START Materials provided
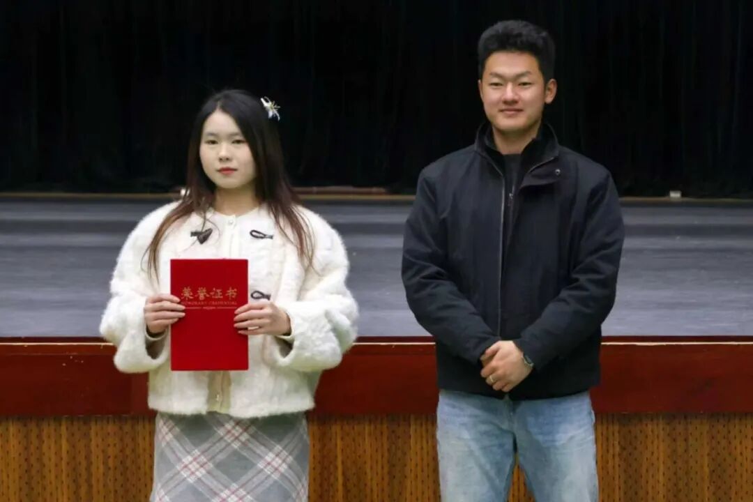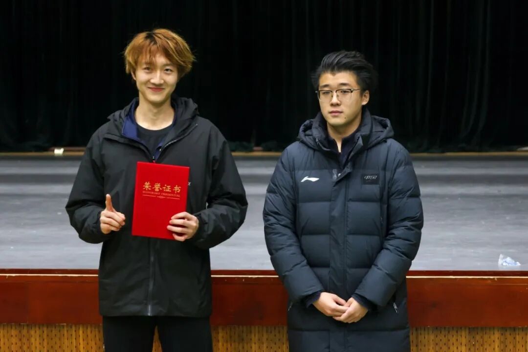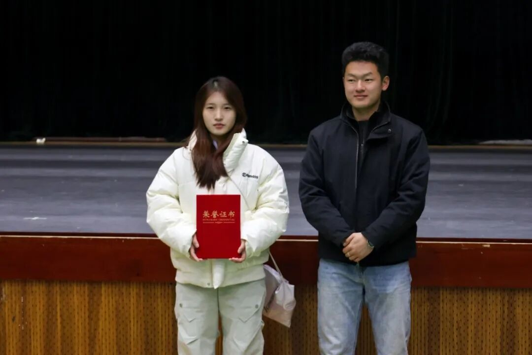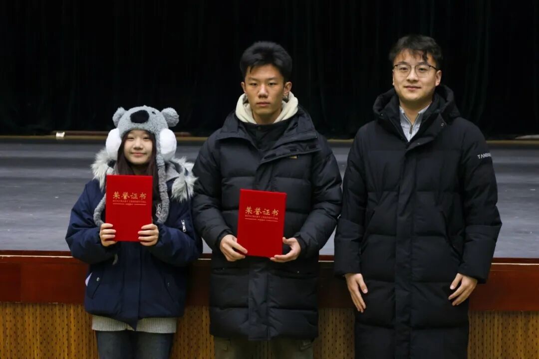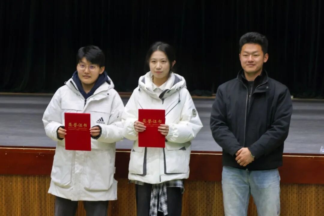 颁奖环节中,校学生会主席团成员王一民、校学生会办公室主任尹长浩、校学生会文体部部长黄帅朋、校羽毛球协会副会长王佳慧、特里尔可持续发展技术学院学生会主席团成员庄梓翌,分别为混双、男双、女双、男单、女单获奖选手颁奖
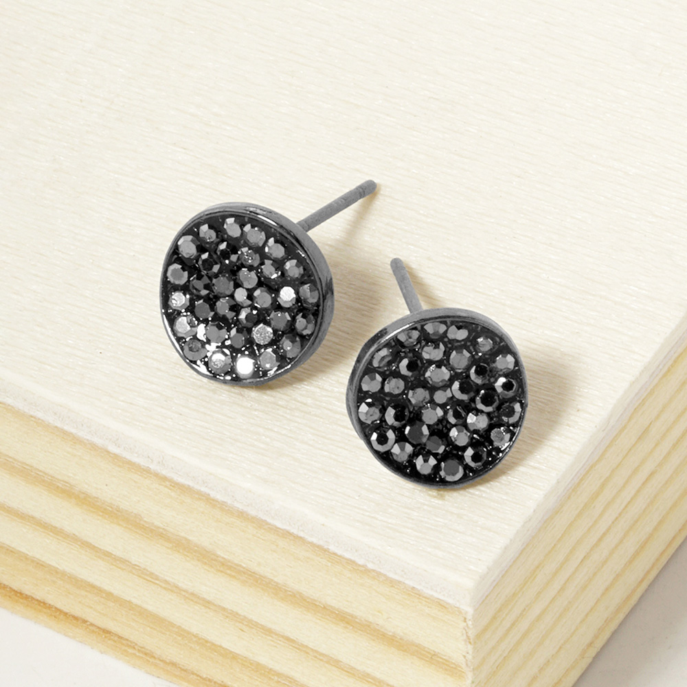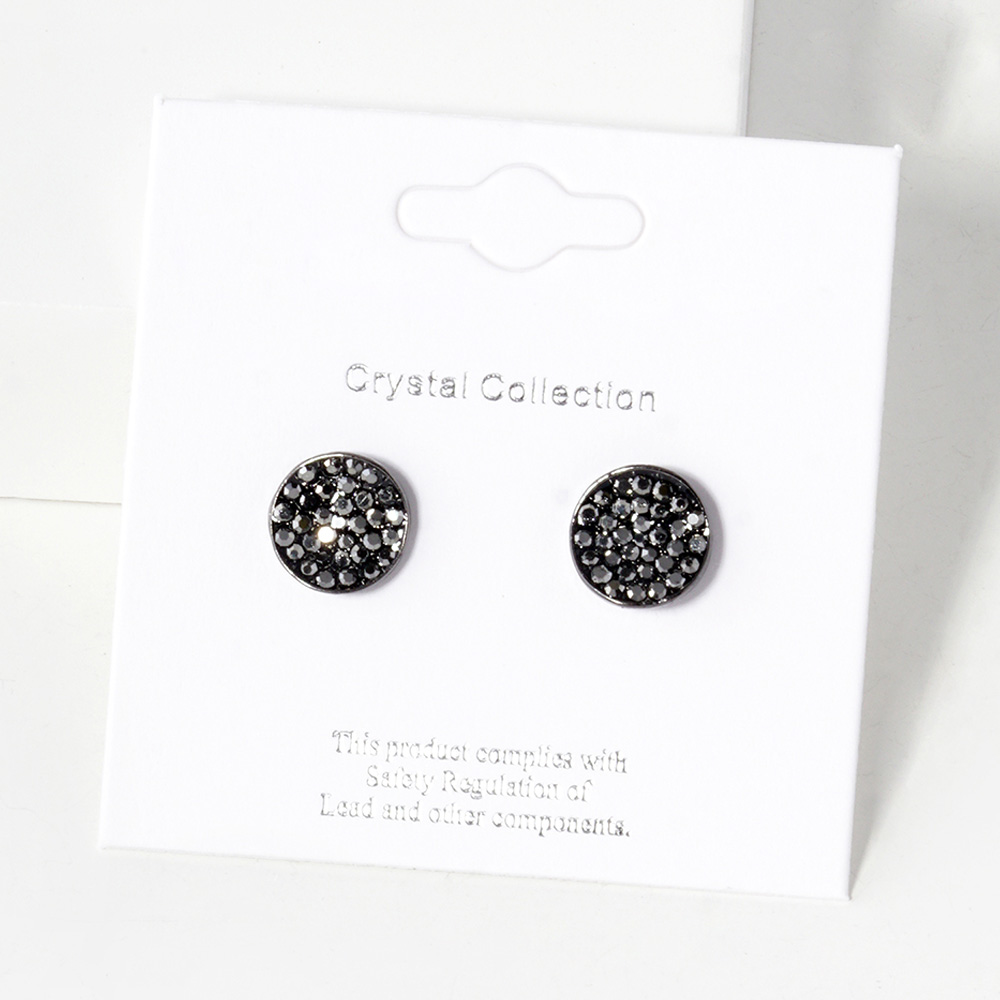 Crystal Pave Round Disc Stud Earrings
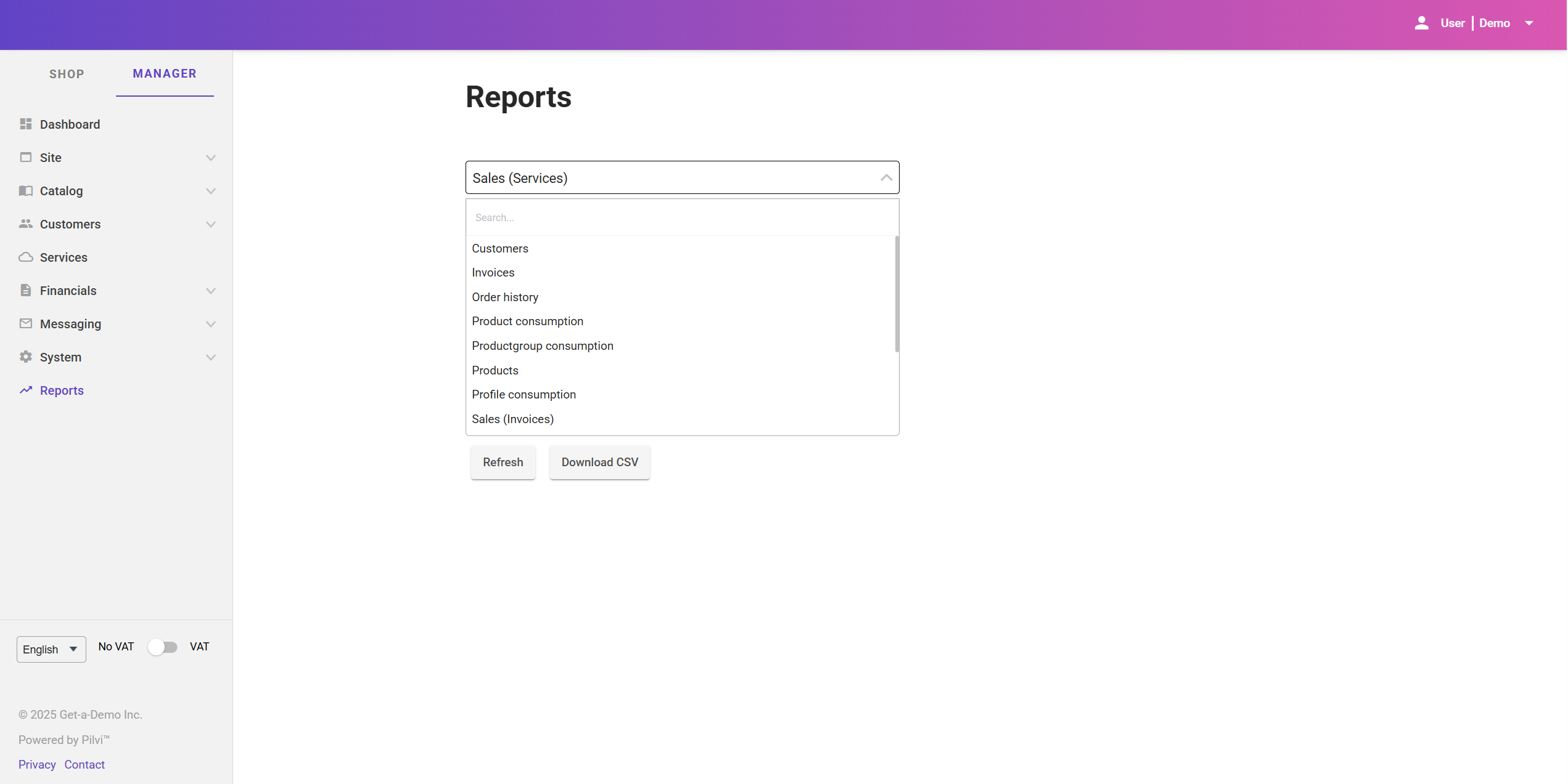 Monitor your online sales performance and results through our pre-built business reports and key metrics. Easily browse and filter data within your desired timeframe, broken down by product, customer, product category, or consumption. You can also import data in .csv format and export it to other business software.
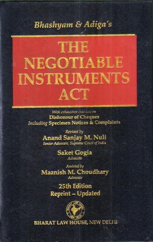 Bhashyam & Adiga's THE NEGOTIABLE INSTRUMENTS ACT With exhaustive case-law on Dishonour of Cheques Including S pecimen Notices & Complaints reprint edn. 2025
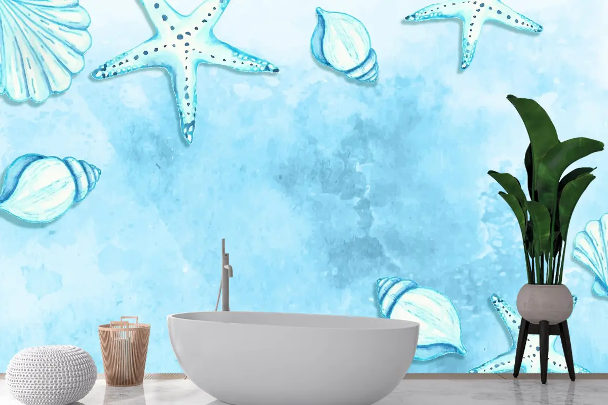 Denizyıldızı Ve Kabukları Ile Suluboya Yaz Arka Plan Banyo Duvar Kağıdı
END Materials provided
START Materials provided
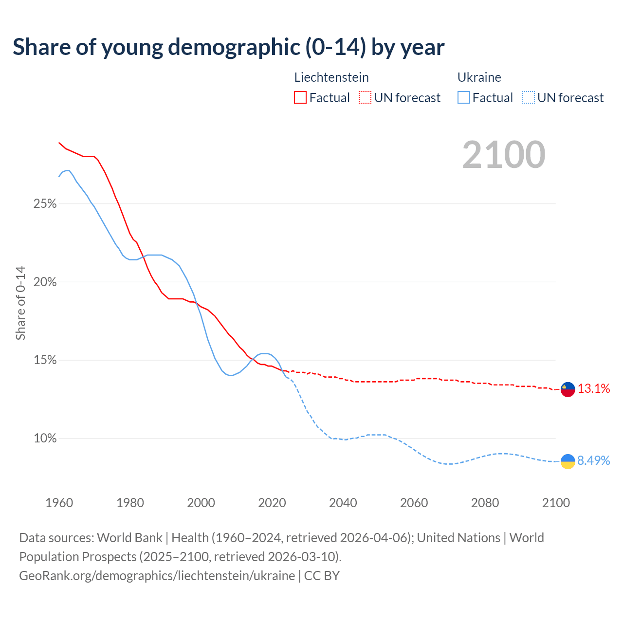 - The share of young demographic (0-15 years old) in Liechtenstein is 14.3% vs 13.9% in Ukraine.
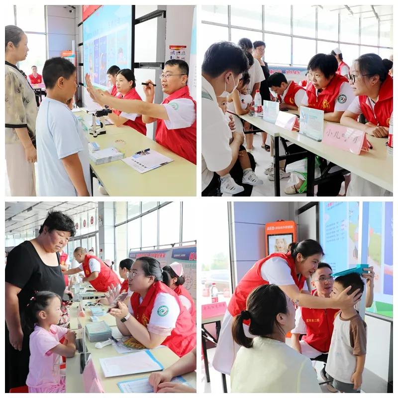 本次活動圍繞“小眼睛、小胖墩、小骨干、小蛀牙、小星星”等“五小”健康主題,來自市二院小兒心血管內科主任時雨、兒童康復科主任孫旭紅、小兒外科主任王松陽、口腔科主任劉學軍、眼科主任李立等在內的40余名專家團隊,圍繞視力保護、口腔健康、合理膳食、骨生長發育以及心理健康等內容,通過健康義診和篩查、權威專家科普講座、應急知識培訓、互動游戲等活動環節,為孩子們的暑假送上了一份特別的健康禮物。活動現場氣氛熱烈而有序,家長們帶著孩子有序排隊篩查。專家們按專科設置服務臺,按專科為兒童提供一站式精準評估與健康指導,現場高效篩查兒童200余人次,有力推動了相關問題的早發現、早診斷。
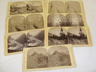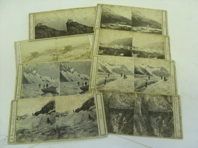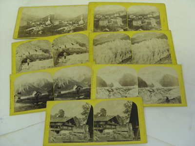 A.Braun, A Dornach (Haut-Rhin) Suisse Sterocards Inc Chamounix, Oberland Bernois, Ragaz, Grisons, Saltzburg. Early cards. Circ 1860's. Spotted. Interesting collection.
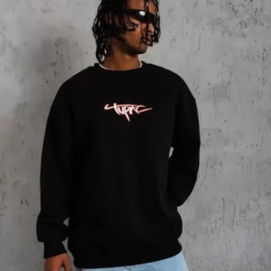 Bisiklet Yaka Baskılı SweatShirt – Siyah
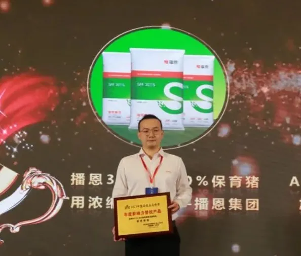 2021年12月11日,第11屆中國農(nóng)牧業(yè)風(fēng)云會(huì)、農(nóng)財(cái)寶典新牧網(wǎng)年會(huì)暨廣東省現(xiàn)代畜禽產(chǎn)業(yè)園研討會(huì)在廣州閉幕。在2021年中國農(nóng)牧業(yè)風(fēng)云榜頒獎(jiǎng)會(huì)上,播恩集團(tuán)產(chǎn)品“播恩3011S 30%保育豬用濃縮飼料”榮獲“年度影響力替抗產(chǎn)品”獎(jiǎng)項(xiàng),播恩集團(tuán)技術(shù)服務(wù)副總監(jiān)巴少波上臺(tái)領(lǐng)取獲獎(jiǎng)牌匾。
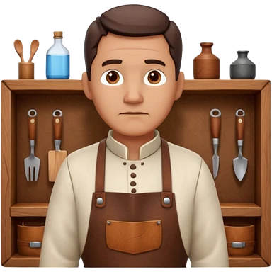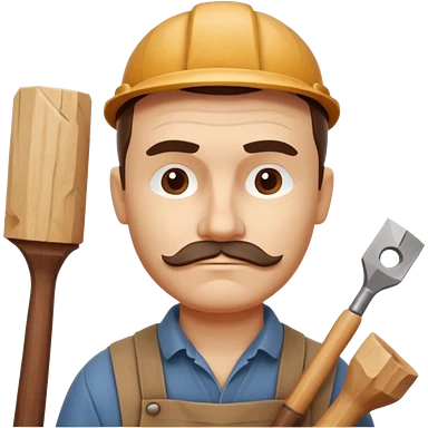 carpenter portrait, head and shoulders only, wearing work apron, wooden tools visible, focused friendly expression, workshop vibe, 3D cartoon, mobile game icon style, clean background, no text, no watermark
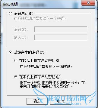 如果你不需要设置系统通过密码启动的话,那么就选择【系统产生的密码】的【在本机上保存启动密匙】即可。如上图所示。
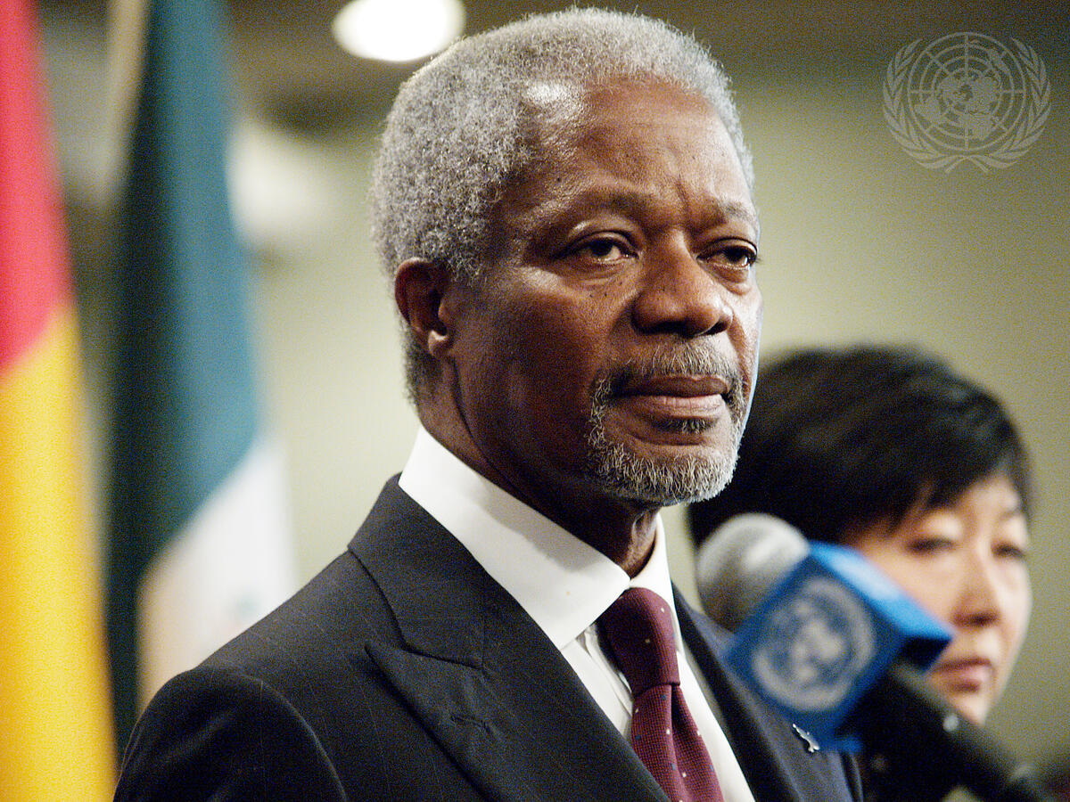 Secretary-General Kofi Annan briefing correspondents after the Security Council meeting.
END Materials provided
• **Assigned task**:
Restate word for word every line from the one with "Bisiklet Yaka Baskılı SweatShirt – Siyah" up to and including the one with "Secretary-General Kofi Annan" in the records above, minus the pictures.

• **Response area**:
 Bisiklet Yaka Baskılı SweatShirt – Siyah
 2021年12月11日,第11屆中國農(nóng)牧業(yè)風(fēng)云會(huì)、農(nóng)財(cái)寶典新牧網(wǎng)年會(huì)暨廣東省現(xiàn)代畜禽產(chǎn)業(yè)園研討會(huì)在廣州閉幕。在2021年中國農(nóng)牧業(yè)風(fēng)云榜頒獎(jiǎng)會(huì)上,播恩集團(tuán)產(chǎn)品“播恩3011S 30%保育豬用濃縮飼料”榮獲“年度影響力替抗產(chǎn)品”獎(jiǎng)項(xiàng),播恩集團(tuán)技術(shù)服務(wù)副總監(jiān)巴少波上臺(tái)領(lǐng)取獲獎(jiǎng)牌匾。
 carpenter portrait, head and shoulders only, wearing work apron, wooden tools visible, focused friendly expression, workshop vibe, 3D cartoon, mobile game icon style, clean background, no text, no watermark
 如果你不需要设置系统通过密码启动的话,那么就选择【系统产生的密码】的【在本机上保存启动密匙】即可。如上图所示。
 Secretary-General Kofi Annan briefing correspondents after the Security Council meeting.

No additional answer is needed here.